(Dataset content):

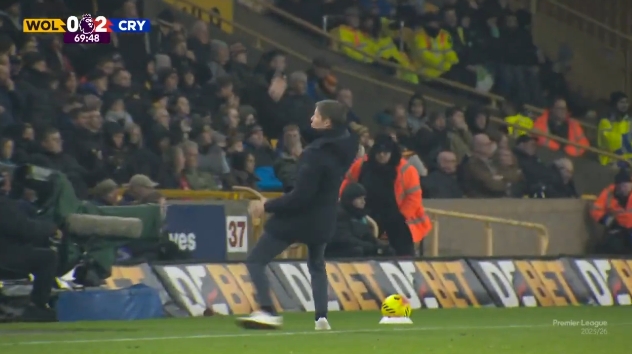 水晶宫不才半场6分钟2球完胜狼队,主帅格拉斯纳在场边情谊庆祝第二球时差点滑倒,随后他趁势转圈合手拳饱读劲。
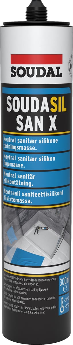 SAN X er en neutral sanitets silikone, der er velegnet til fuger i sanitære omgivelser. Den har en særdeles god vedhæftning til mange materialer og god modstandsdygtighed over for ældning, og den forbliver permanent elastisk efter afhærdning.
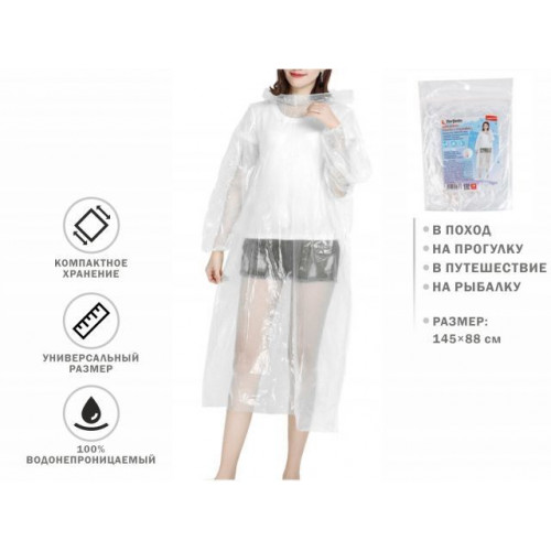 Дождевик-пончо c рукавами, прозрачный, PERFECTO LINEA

(What to produce): Drop every picture from the data, then output all the rest exactly.

(Result of this task):
 水晶宫不才半场6分钟2球完胜狼队,主帅格拉斯纳在场边情谊庆祝第二球时差点滑倒,随后他趁势转圈合手拳饱读劲。
 SAN X er en neutral sanitets silikone, der er velegnet til fuger i sanitære omgivelser. Den har en særdeles god vedhæftning til mange materialer og god modstandsdygtighed over for ældning, og den forbliver permanent elastisk efter afhærdning.
 Дождевик-пончо c рукавами, прозрачный, PERFECTO LINEA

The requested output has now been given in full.